If you look carefully at this circuit, you'll notice it's impossible for a letter to be encrypted as itself, which turned out to be a fatal cryptographic weakness.
Finally, to prevent the Enigma from being a simple substitution cipher, every single time a letter was entered, the rotors advanced by one spot, sort of like an odometer in a car.
So if you entered the text A-A-A, it might come out as B-D-K, where the substitution mapping changed with every key press.
The Enigma was a tough cookie to crack, for sure.
But as we discussed in Episode 15, Alan Turing and his colleagues at Bletchley Park were able to break Enigma codes and largely automate the process.
But with the advent of computers, cryptography moved from hardware into software.
One of the earliest software ciphers to become widespread was the Data Encryption Standard developed by IBM and the NSA in 1977.
DES, as it was known, originally used binary keys that were 56 bits long, which means that there are 2 to the 56, or about 72 quadrillion different keys.
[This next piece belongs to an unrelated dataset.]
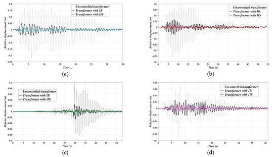El Centro wave, Taft wave, Chi Chi wave, and Kobe wave were selected as seismic waves; the predominant frequencies of the four seismic records were different. Figure 16 shows the acceleration response spectra of the four seismic waves. The higher the structural height and weight of the bushing, the higher the seismic vulnerability, and the difficulty of vibration control will increase. Therefore, this paper selects the LB–2 transformer–bushing system, which is the most vulnerable to earthquakes, as the analysis object for analyzing the dynamic time history under four kinds of ground motion inputs. Figure 17 shows the relative displacement time history of the bushing and the transformer, which can reflect the seismic response of the bushing itself; Figure 18 shows the hysteresis loops of the isolation layer, which can reflect the displacement response of the isolation layer and the energy dissipation capacity of dampers of IB and IIS.
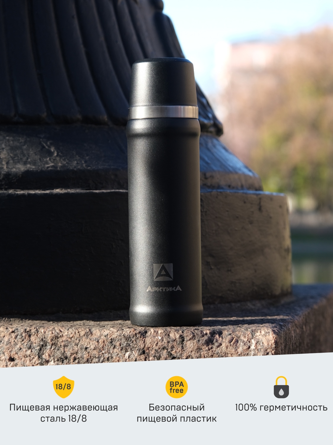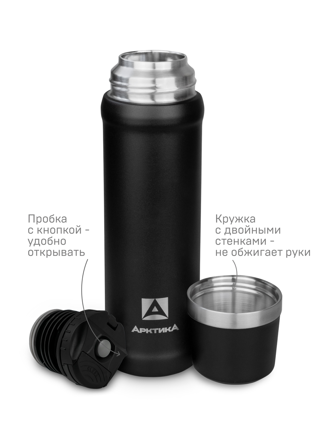 Термос 0.6л серии 111 чёрный с питьевой системой

Back in 1977, that meant that nobody - except perhaps the NSA - had enough computing power to brute-force all possible keys.
But, by 1999, a quarter-million dollar computer could try every possible DES key in just two days, rendering the cipher insecure.
So, in 2001, the Advanced Encryption Standard (AES) was finalized and published.
AES is designed to use much bigger keys - 128, 192 or 256 bits in size - making brute force attacks much, much harder.
For a 128-bit keys, you'd need trillions of years to try every combination, even if you used every single computer on the planet today.
So you better get started!
AES chops data up into 16-byte blocks, and then applies a series of substitutions and permutations, based on the key value, plus some other operations to obscure the message, and this process is repeated ten or more times for each block.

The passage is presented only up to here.